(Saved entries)
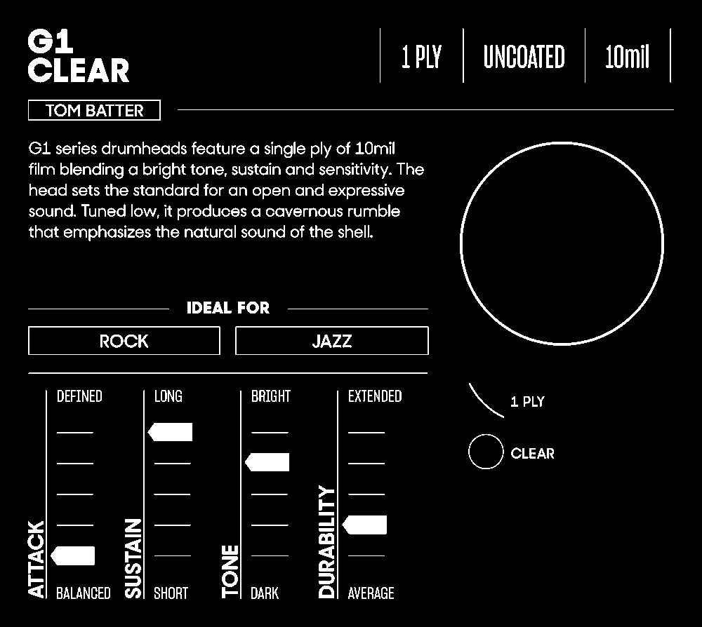 Evans G1 採用單層 10mil 薄膜,融合了明亮的音色、極佳的延音與靈敏度, 為開闊且具表現力的聲音樹立了標竿。將其調低音高可獲得深邃的轟鳴聲, 進而強調鼓肚本身的自然音色。這款鼓皮導入了 Evans Level 360 技術, 使其易於調音,並擁有更廣的音高範圍與卓越的音質。
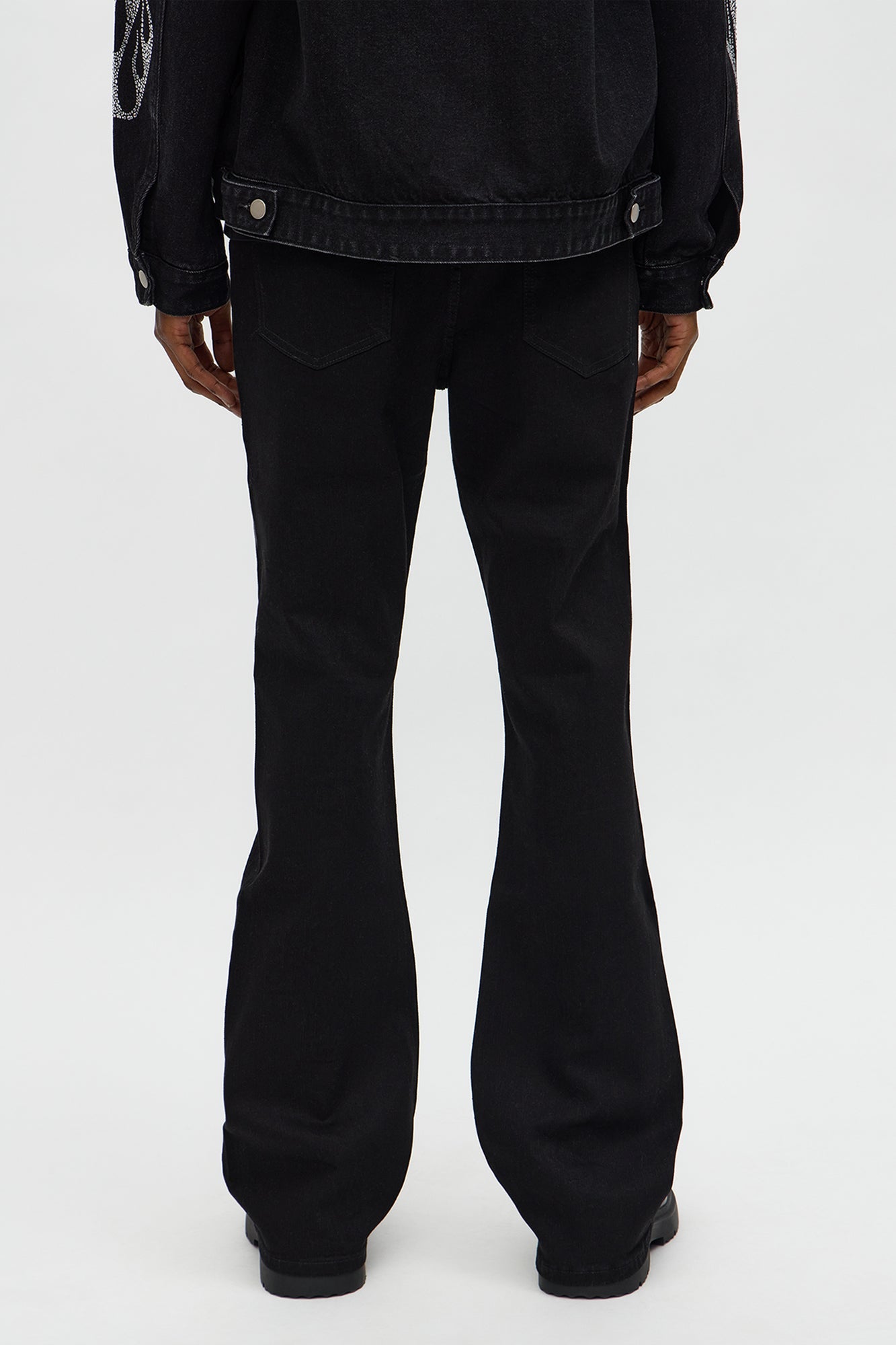 Stacked Skinny Flare Skulls Jeweled Distressed Jean - Black
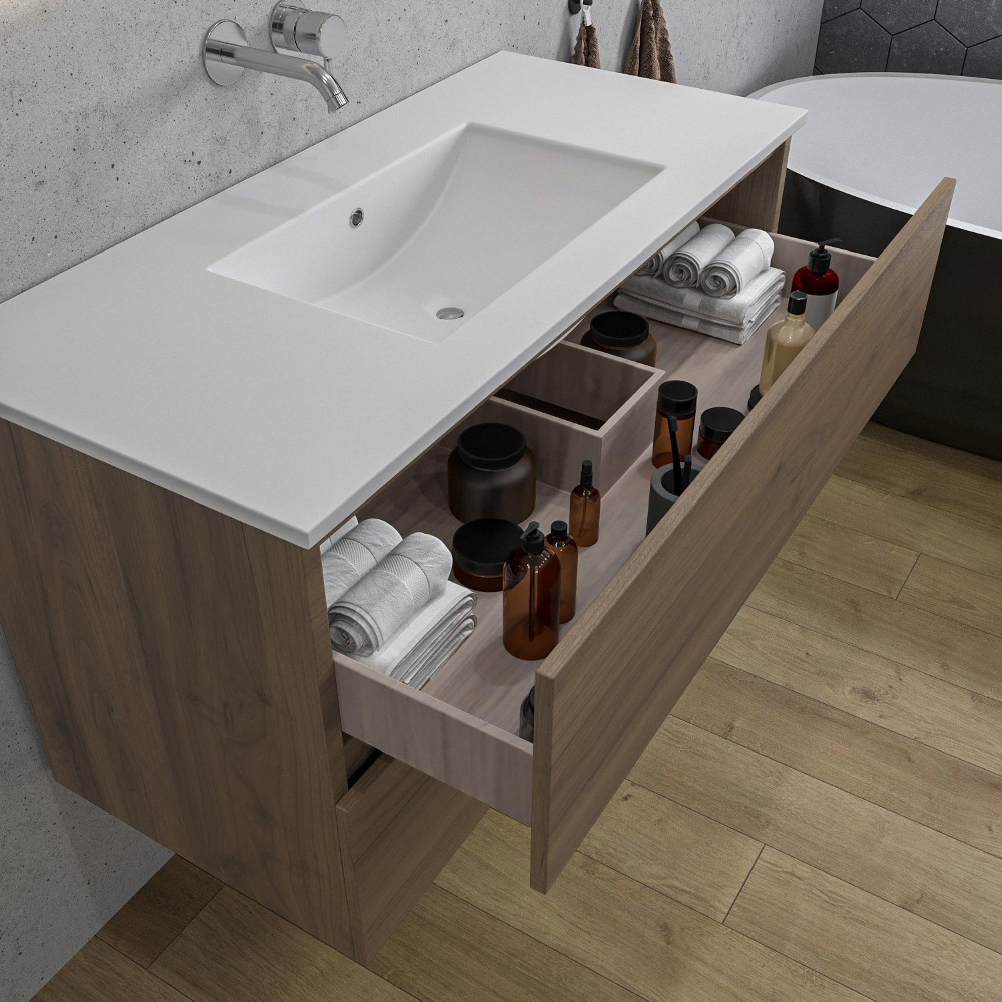 Met 2 lades biedt deze badkamermeubelset voldoende opbergruimte voor al je badkamerspullen, van handdoeken tot toiletartikelen. De slimme indeling zorgt ervoor dat alles georganiseerd en binnen handbereik is. Dankzij het compacte formaat van 100x46x57cm is dit meubel ook ideaal voor kleinere badkamers.
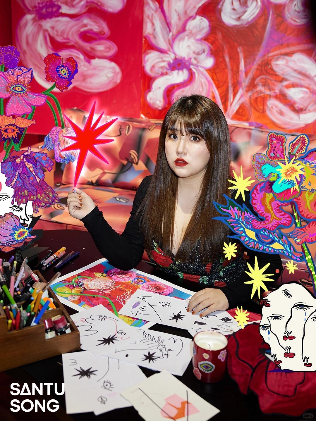 她的视觉体系由三个核心符号构成:眼睛、花朵与光。
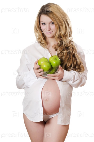 Беременная женщина с зелеными яблоками стоит на белом фоне
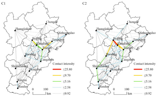 The epidemic significantly affected the population mobility network with Shijiazhuang and Beijing as the core (Figure 4). The population mobility intensity of Shijiazhuang decreased by 75.0%. Shijiazhuang–Baoding, Shijiazhuang–Xingtai, Shijiazhuang–Cangzhou, and Shijiazhuang–Hengshui all fell from the third and fourth levels to the fifth level. The population mobility intensity between Beijing and the other cities dropped by 58.8%. Among them, Beijing–Langfang dropped from the first level to the second level. Beijing–Tianjin and Beijing–Baoding dropped from the second to the third and fourth level, respectively. Beijing’s connections with Cangzhou, Chengde, and Zhangjiakou dropped from the fourth to the fifth level. Except for the four cities involved in the C1, the population mobility intensity among other cities increased by a varying degree. This shows that under the strict epidemic prevention and control measures, inter-city population mobility in unaffected areas had improved under the impetus of the BTH coordinated development.

§ Required action
Each line from the first line of the entries through the line containing "Беременная женщина с" should be duplicated word for word, and nothing more; the pictures stay out.

§ Answer area
 Evans G1 採用單層 10mil 薄膜,融合了明亮的音色、極佳的延音與靈敏度, 為開闊且具表現力的聲音樹立了標竿。將其調低音高可獲得深邃的轟鳴聲, 進而強調鼓肚本身的自然音色。這款鼓皮導入了 Evans Level 360 技術, 使其易於調音,並擁有更廣的音高範圍與卓越的音質。
 Stacked Skinny Flare Skulls Jeweled Distressed Jean - Black
 Met 2 lades biedt deze badkamermeubelset voldoende opbergruimte voor al je badkamerspullen, van handdoeken tot toiletartikelen. De slimme indeling zorgt ervoor dat alles georganiseerd en binnen handbereik is. Dankzij het compacte formaat van 100x46x57cm is dit meubel ook ideaal voor kleinere badkamers.
 她的视觉体系由三个核心符号构成:眼睛、花朵与光。
 Беременная женщина с зелеными яблоками стоит на белом фоне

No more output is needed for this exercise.